[<prev] [next>] [<thread-prev] [day] [month] [year] [list]
Message-ID: <87ldrujhr5.fsf@gmail.com>
Date: Mon, 21 Apr 2025 09:19:50 +0530
From: Ritesh Harjani (IBM) <riteshh@...ux.ibm.com>
To: Misbah Anjum N <misanjum@...ux.ibm.com>, linuxppc-dev@...ts.ozlabs.org,
linux-mm@...ck.org
Cc: maddy@...ux.ibm.com, mpe@...erman.id.au, npiggin@...il.com,
christophe.leroy@...roup.eu, naveen@...nel.org,
linux-kernel@...r.kernel.org
Subject: Re: [BUG][powerpc] OOPs: Kernel access of bad area during zram swap write - kswapd0 crash
++ linux-mm
Misbah Anjum N <misanjum@...ux.ibm.com> writes:
> Bug Description:
> When running Avocado-VT based functional tests on KVM guest, the system
> encounters a
> kernel panic and crash during memory reclaim activity when zram is
> actively used for
> swap. The crash occurs in the kswapd0 kernel thread during what appears
> to be a write
> operation to zram.
>
>
> Steps to Reproduce:
> 1. Compile Upstream Kernel on LPAR
> 2. Compile Qemu, Libvirt for KVM Guest
> 3. Run Functional tests on KVM guest using Avocado-VT Regression Bucket
> a. Clone: git clone https://github.com/lop-devops/tests.git
> b. Setup: python3 avocado-setup.py --bootstrap --enable-kvm
> --install-deps
> c. Add guest in folder: tests/data/avocado-vt/images/
> d.
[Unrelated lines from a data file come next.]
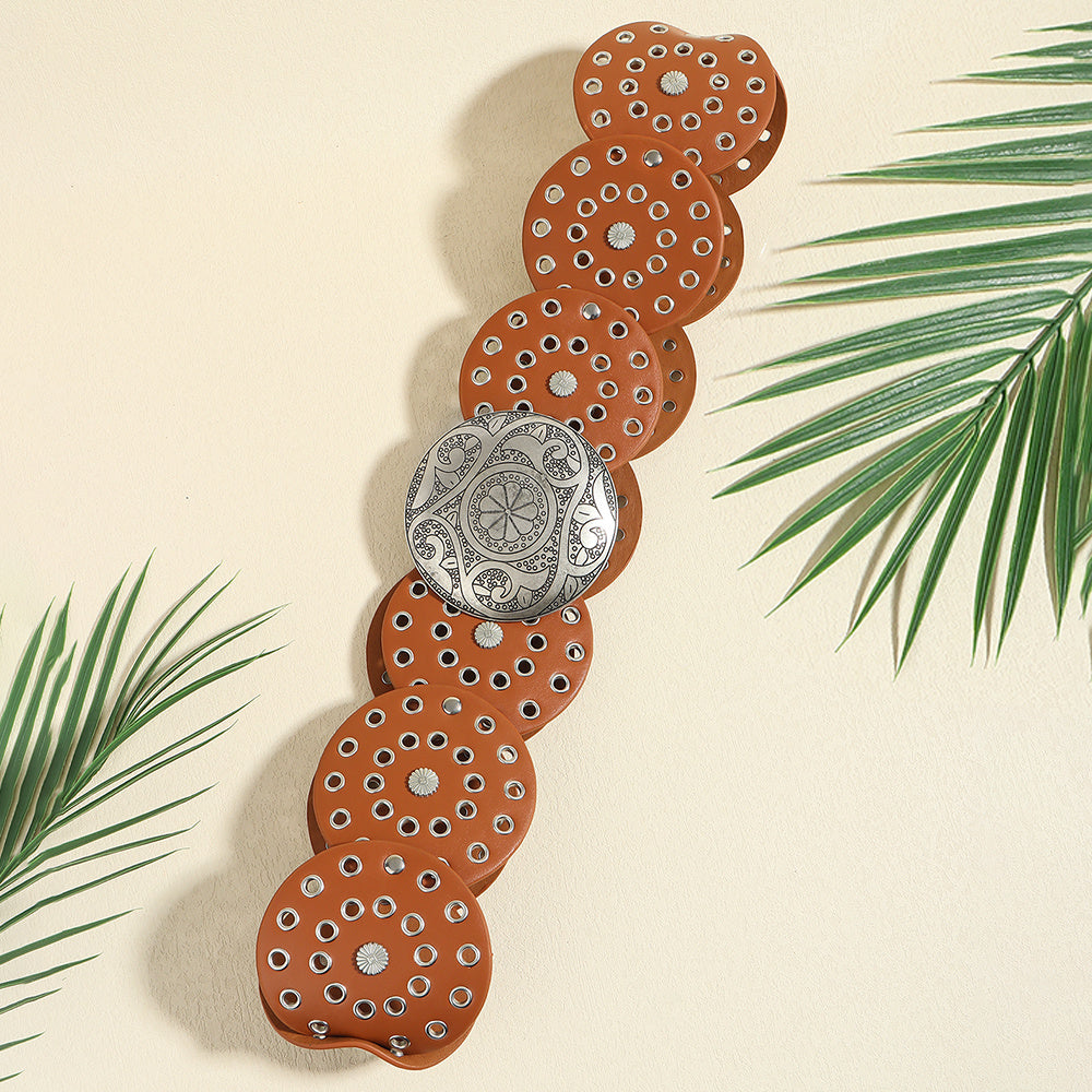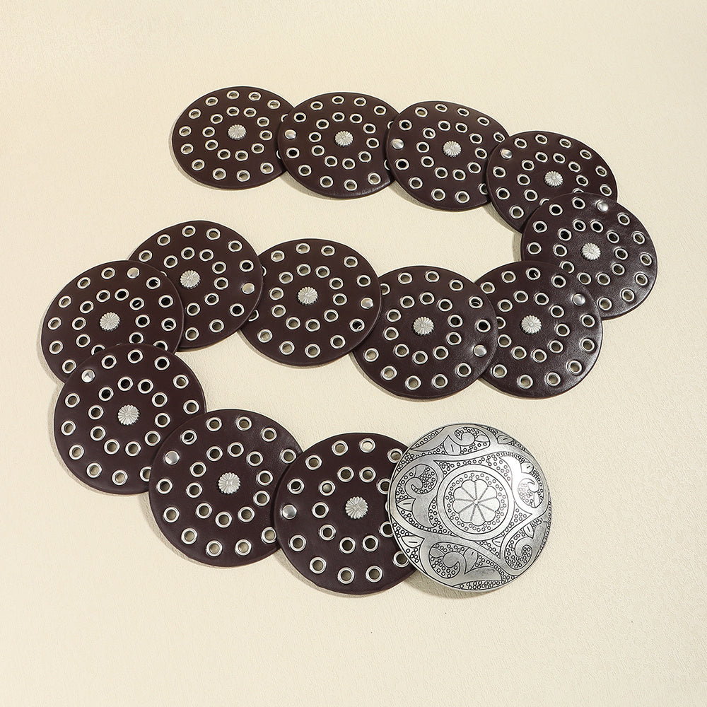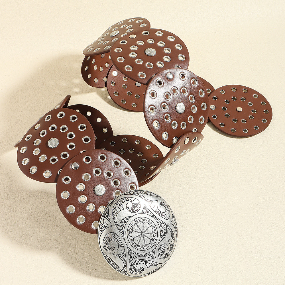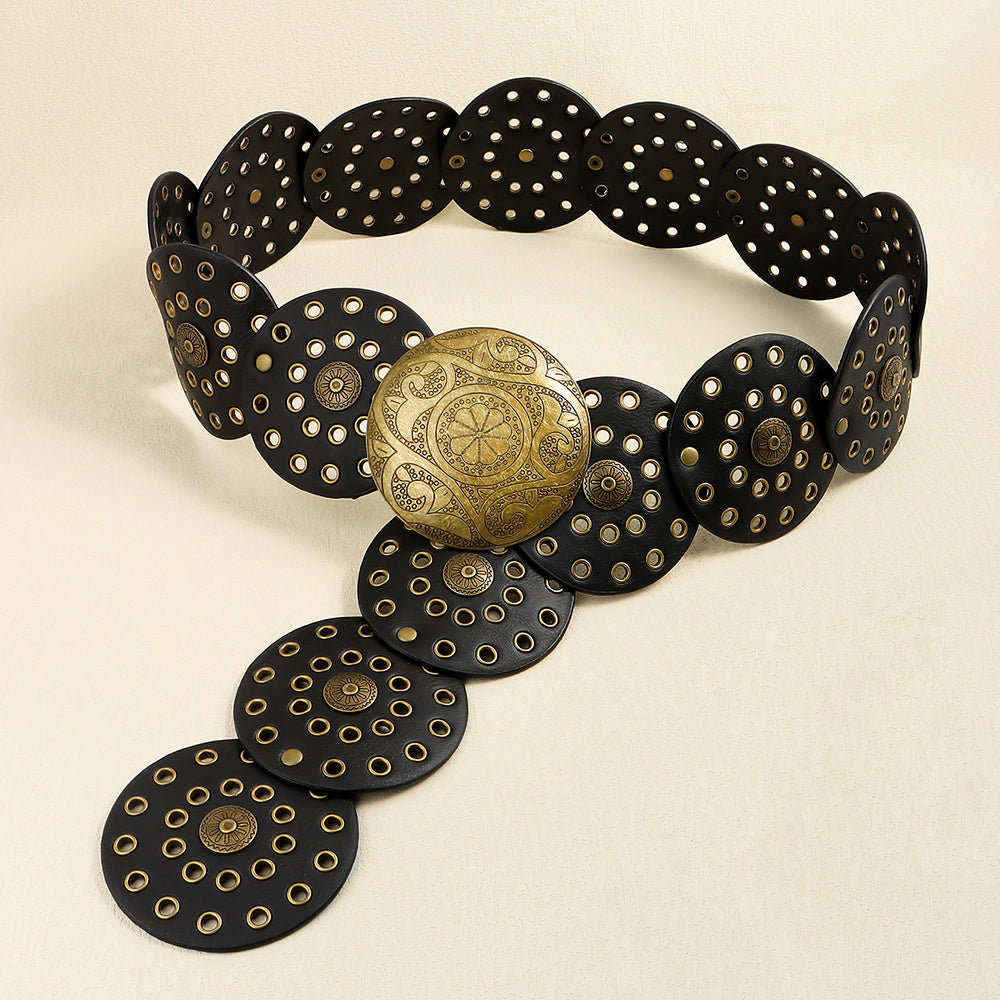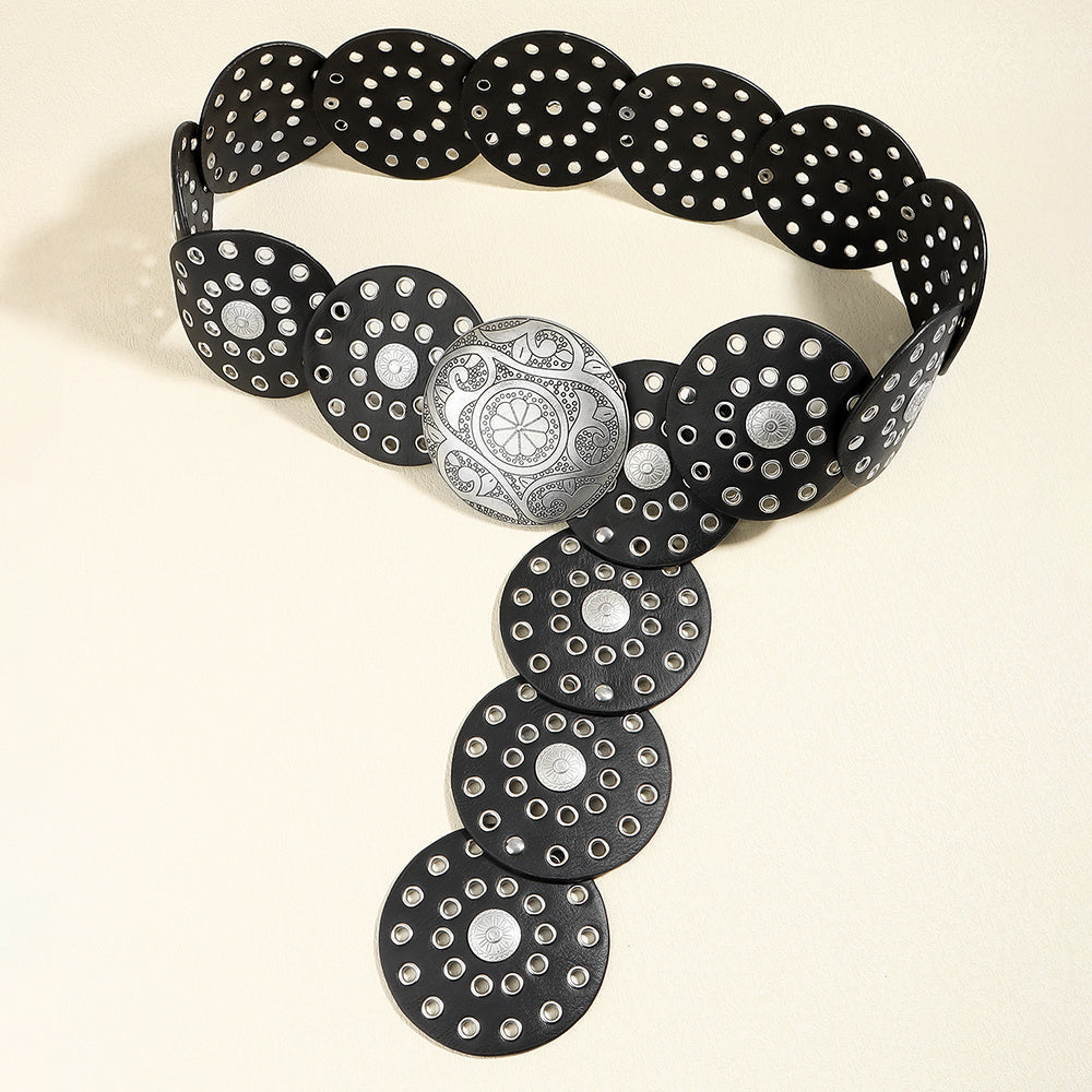 • Fashion Punk Exaggerated Round Cutout Personality Belt Ladies Metal Retro Wide Belt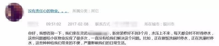你好,我想咨询一下,我们家在灵武某小区居住,新房装修好不到3个月,水压上不来,每天都会时不时地停水,这些问题都给小区物业反映了很多次,一直没有给我们解决这个问题。比如,正在做饭洗锅时停水,正在洗澡时停水,这种种情况给我们带来的不便,严重影响了我们的日常生活。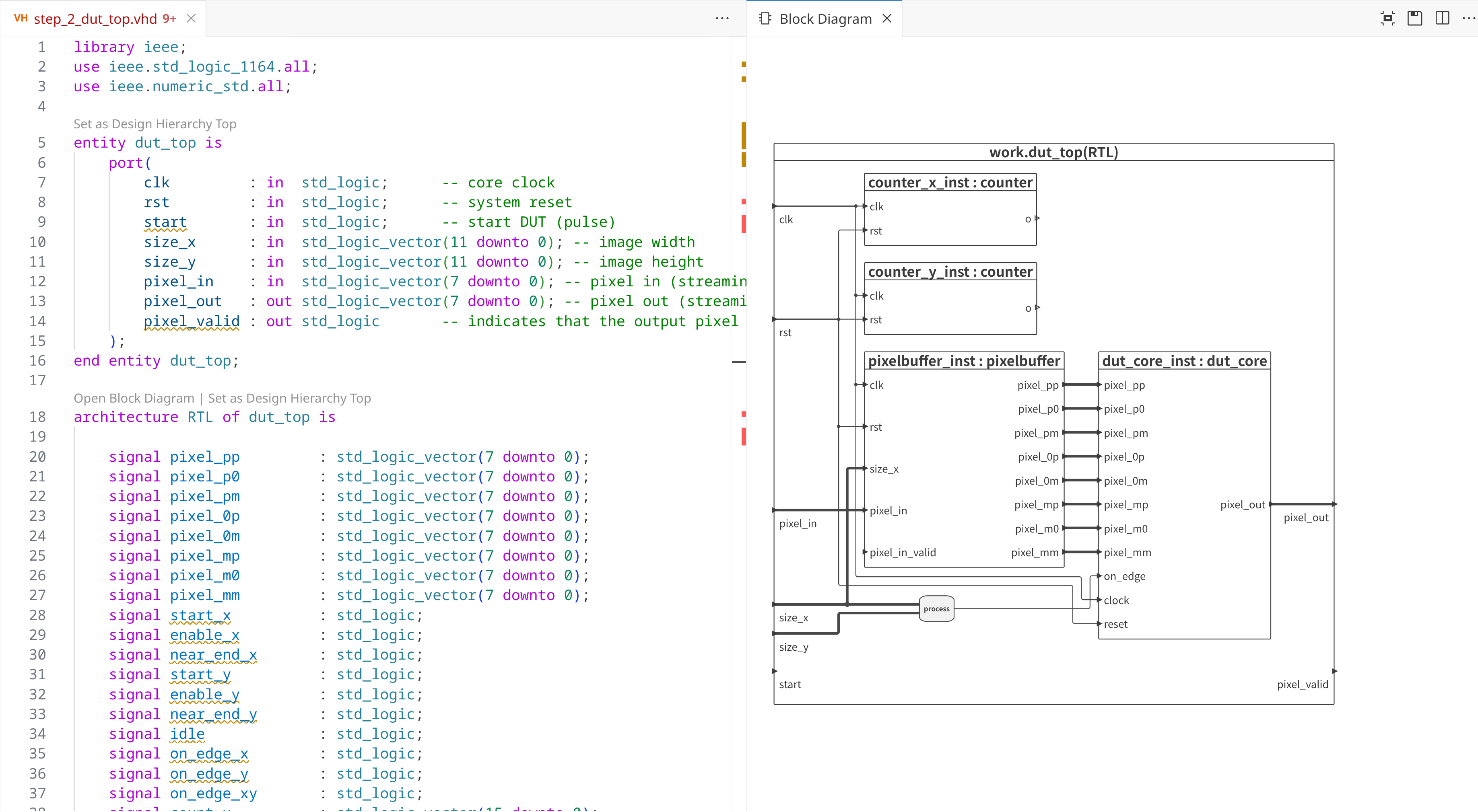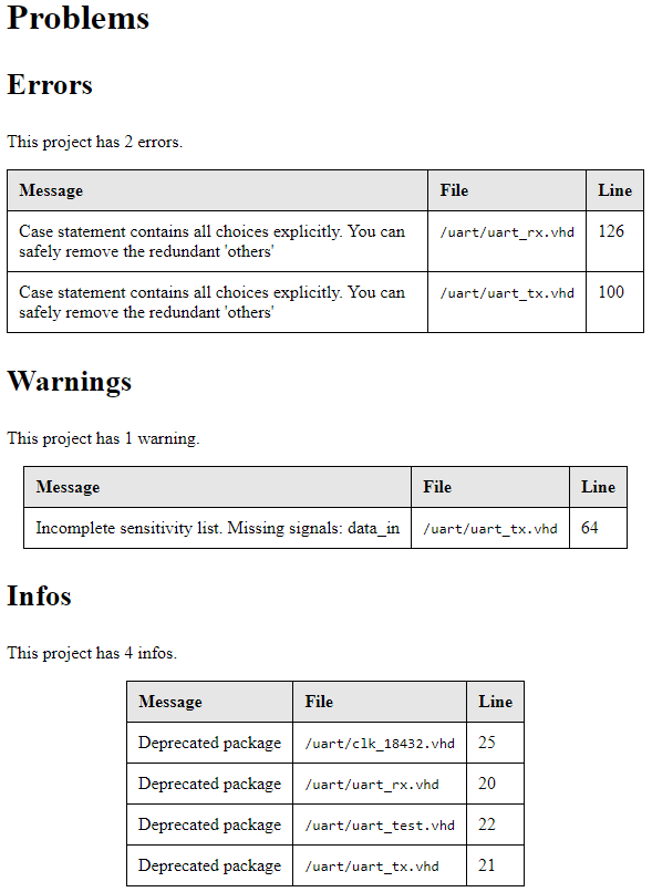 This makes it easy to find the relevant file in Sigasi and fix the problem,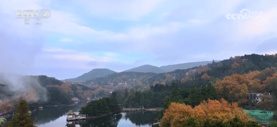 11月的廬山,秋色漸濃,風(fēng)景如畫。高空俯瞰,如琴湖畔,梧桐葉黃、雞爪槭紅。山霧隨風(fēng)而起,半遮半掩,色彩斑斕的秋天景色若隱若現(xiàn),倒映在湖中如夢如幻。眾多游客紛至沓來,登山賞景、打卡留念。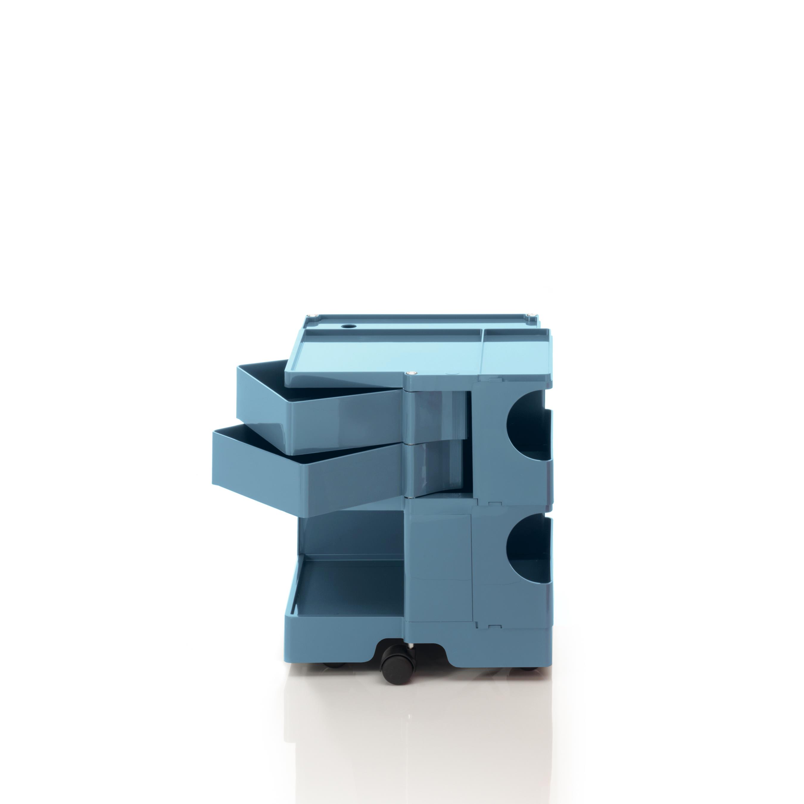 Boby S - Der Klassiker unter den Trolleys mit zahlreichen Schub, Ablage- und Stellfächern wurde 1970 vom Designer Joe Colombo für B-Line entworfen. Eine schöne und praktische Lösung für alle Bereiche in denen Ordnung gebraucht wird, ob Kleinteile oder Papiere im Haushalt, in der Werkstatt oder im Büro. Das Gestell aus ABS-Kunststoff bestehend aus Modulen mit Schubfächern und Böden fährt auf 5 frei drehenden Rollen und bietet 4 verschiedene Höhenausführungen. Teil der ständigen Kollektion des MoMA in New York und der Triennale in Mailand, Smau-Preis 1971.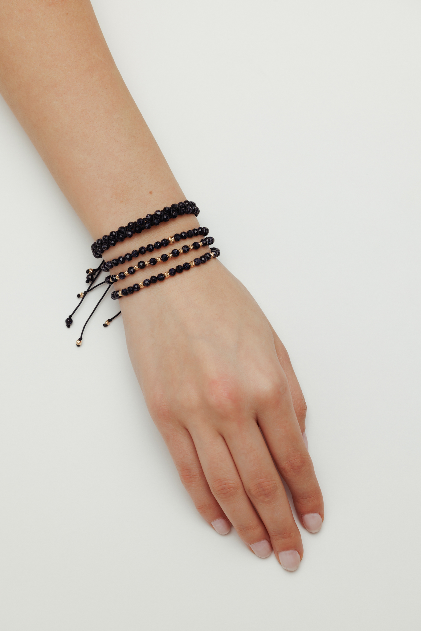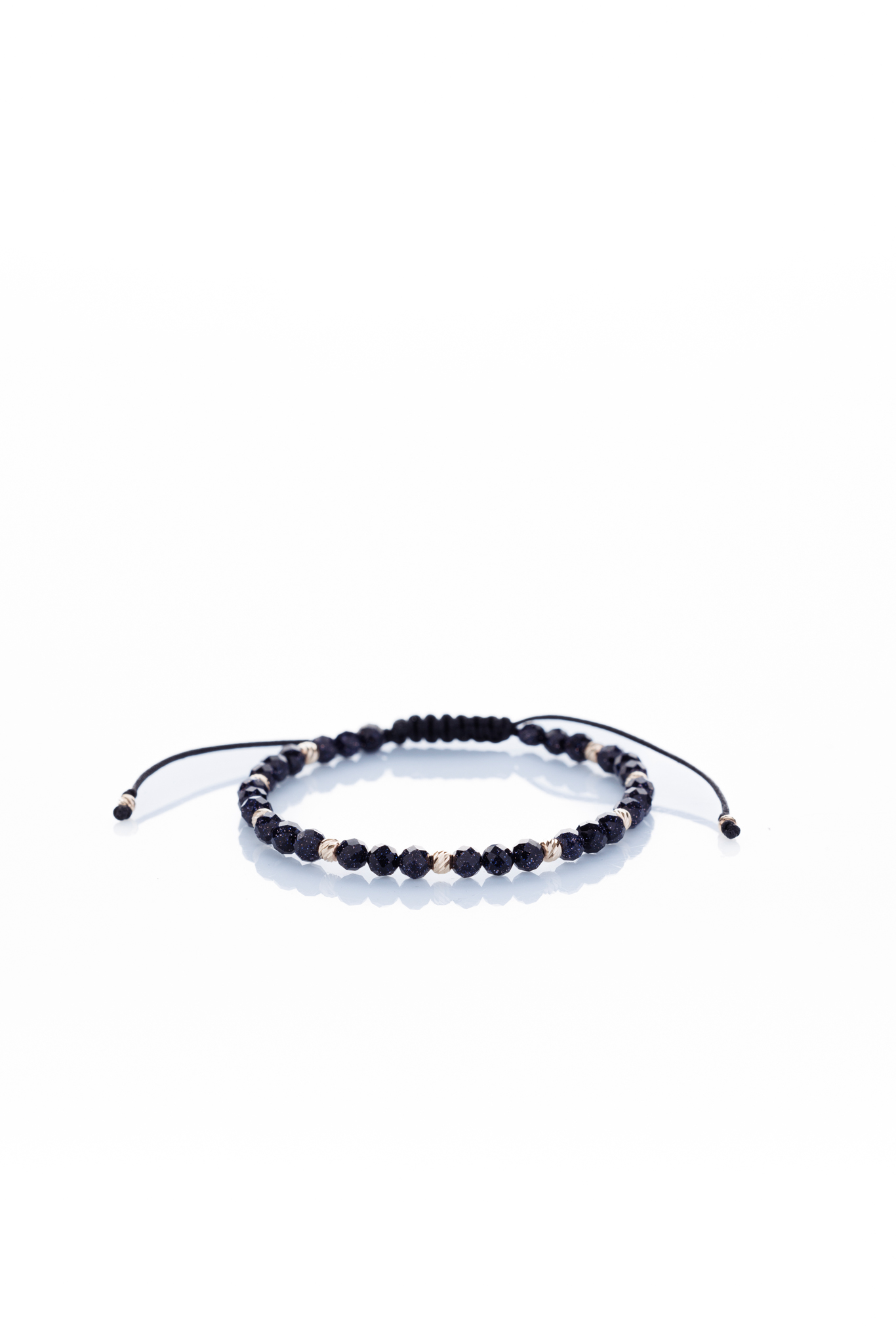 Brățară reglabilă realizată manual din aur de 14k și decorată cu pietre semiprețioase de piatra Soarelui albastru fațetat. Cu o greutate de doar 0.49 grame, această brățară este ușoară și confortabilă pentru a fi purtată zilnic.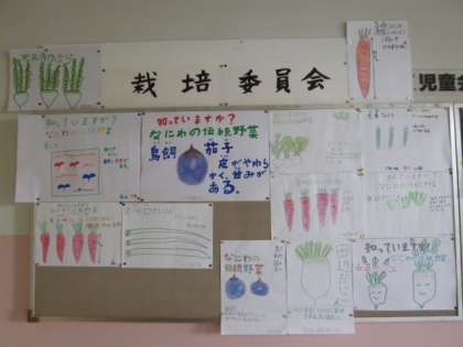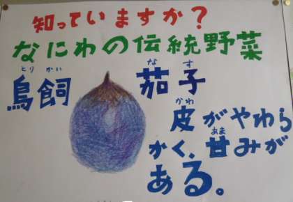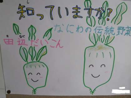 給食室横の掲示板に、栽培委員会が作成した、なにわの伝統野菜についてのポスターを貼っています。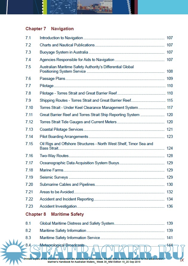 The Seafarers Handbook for Australian Waters (AHP20) is an official nautical publication, providing mariners with a description of the Australian physical and jurisdictional maritime environment. It is a reference for international mariners, and combines important maritime information from various Australian government agencies in one nautical publication.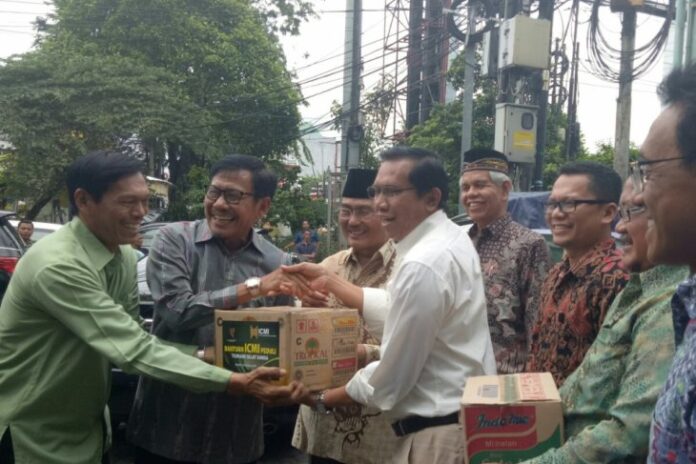 Sekretaris Jenderal ICMI Muhammad Ja’far Hafsah (dua dari kiri) menyerahkan secara simbolik bantuan untuk korban tsunami Banten di Kantor ICMI Pusat, Jakarta Timur, Jumat. (Dok ANTARA/Martha Herlinawati Simanjuntak)

Run: python3 avocado-setup.py --run-suite guest_regression
> --guest-os\
> <Guest-name> --only-filter 'virtio_scsi virtio_net qcow2'\
> --no-download
>
> The bug is reproducible when Avocado-VT Regression bucket is executed
> which
> consists of series of functional tp-libvirt tests performed on the KVM
> guest in the
> following order: cpu, memory, network, storage and hotplug (disk, change
> media,
> libvirt_mem), etc.
> Whilst execution, the system crashes during test:
> io-github-autotest-libvirt.libvirt_mem.positive_test.mem_basic.cold_plug_discard
> Note: This does not appear to be caused by a single test, but by
> cumulative
> operations during the test sequence.
>
>
> Environment Details:
> Kernel: 6.15.0-rc1-g521d54901f98
> Reproducible with: 6.15.0-rc2-gf3a2e2a79c9d
Looks like the issue is happening on 6.15-rc2. Did git bisect revealed a
faulty commit?
> Platform: IBM POWER10 LPAR (ppc64le)
> Distro: Fedora42
> RAM: 64GB
> CPUs: 80
> Qemu: 9.2.93 (v10.0.0-rc3-10-g8bdd3a0308)
> Libvirt: 11.3.0
>
>
> System Memory State:
> # free -mh
> total used free shared
> buff/cache available
> Mem: 61Gi 3.0Gi 25Gi 11Mi
> 33Gi 58Gi
> Swap: 8.0Gi 0B 8.0Gi
> # zramctl
> NAME ALGORITHM DISKSIZE DATA COMPR TOTAL STREAMS
> MOUNTPOINT
> /dev/zram0 lzo-rle 8G 64K 222B 128K [SWAP]
> # swapon --show
> NAME TYPE SIZE USED PRIO
> /dev/zram0 partition 8G 0B 100
>
>
> Call Trace:
> [180060.602200] BUG: Unable to handle kernel data access on read at
> 0xc00800000a1b0000
> [180060.602219] Faulting instruction address: 0xc000000000175670
> [180060.602224] Oops: Kernel access of bad area, sig: 11 [#1]
> [180060.602227] LE PAGE_SIZE=64K MMU=Radix SMP NR_CPUS=2048 NUMA
> pSeries
> [180060.602232] Modules linked in: dm_thin_pool dm_persistent_data
> vmw_vsock_virtio_transport_common vsock zram xfs dm_service_time sd_mod
> [180060.602345] CPU: 68 UID: 0 PID: 465 Comm: kswapd0 Kdump: loaded Not
> tainted
> 6.15.0-rc1-g521d54901f98 #1 VOLUNTARY
> [180060.602351] Hardware name: IBM,9080-HEX POWER10 (architected)
> 0x800200 0xf000006 of:IBM,FW1060.21
> (NH1060_078) hv:phyp pSeries
> [180060.602355] NIP: c000000000175670 LR: c0000000006d96b4 CTR:
> 01fffffffffffc05
> [180060.602358] REGS: c0000000a5a56da0 TRAP: 0300 Not tainted
> (6.15.0-rc1-g521d54901f98)
> [180060.602362] MSR: 8000000002009033 <SF,VEC,EE,ME,IR,DR,RI,LE> CR:
> 44042880 XER: 20040001
> [180060.602370] CFAR: c0000000001756c8 DAR: c00800000a1b0000 DSISR:
> 40000000 IRQMASK: 0
<...>
>
>
> Crash Utility Output:
> # crash /home/kvmci/linux/vmlinux vmcore
> crash 8.0.6-4.fc42
>
> KERNEL: /home/kvmci/linux/vmlinux [TAINTED]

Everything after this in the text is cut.